WHAT YOU WILL DO: In this exercise, return the whole listing exactly, excluding any images.

COLLECTED MATERIAL:
= = = =

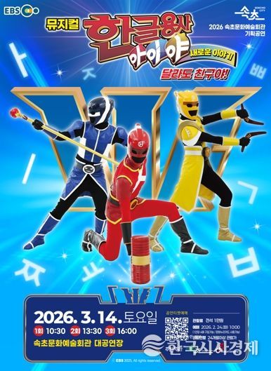 한국시사경제 이정이 기자 | 속초시는 3월 14일 10시 30분, 13시 30분, 16시 하루 3회 속초문화예술회관에서 뮤지컬‘한글용사 아이야 새로운 이야기-달라도 친구야’를 선보인다.
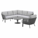 De Ryan loungeset bestaat uit twee bankdelen, een hoekelement en een loungetafels. De loungeset is nog verder uit te breiden met een loungestoel, middenelement of een voetenbank. Mocht je meer tafelruimte nodig hebben is het ook mogelijk om nog een bijzettafel bij de loungeset te combineren.
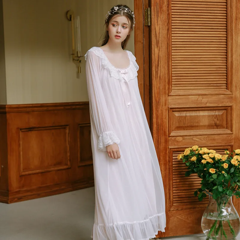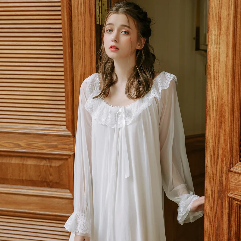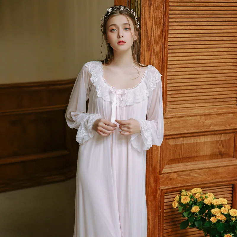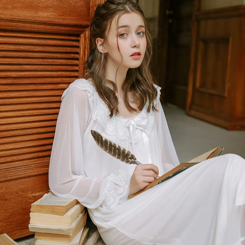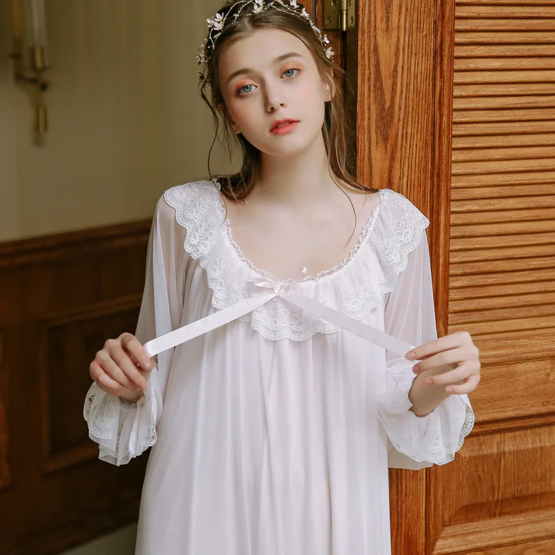 Palace Nightdress Spring Season Retro Lace Home Service Princess Style Sexy Pyjamas Women Long Sleeves Sleepwear HZL56

= = = =

RESPONSE AREA:
 한국시사경제 이정이 기자 | 속초시는 3월 14일 10시 30분, 13시 30분, 16시 하루 3회 속초문화예술회관에서 뮤지컬‘한글용사 아이야 새로운 이야기-달라도 친구야’를 선보인다.
 De Ryan loungeset bestaat uit twee bankdelen, een hoekelement en een loungetafels. De loungeset is nog verder uit te breiden met een loungestoel, middenelement of een voetenbank. Mocht je meer tafelruimte nodig hebben is het ook mogelijk om nog een bijzettafel bij de loungeset te combineren.
 Palace Nightdress Spring Season Retro Lace Home Service Princess Style Sexy Pyjamas Women Long Sleeves Sleepwear HZL56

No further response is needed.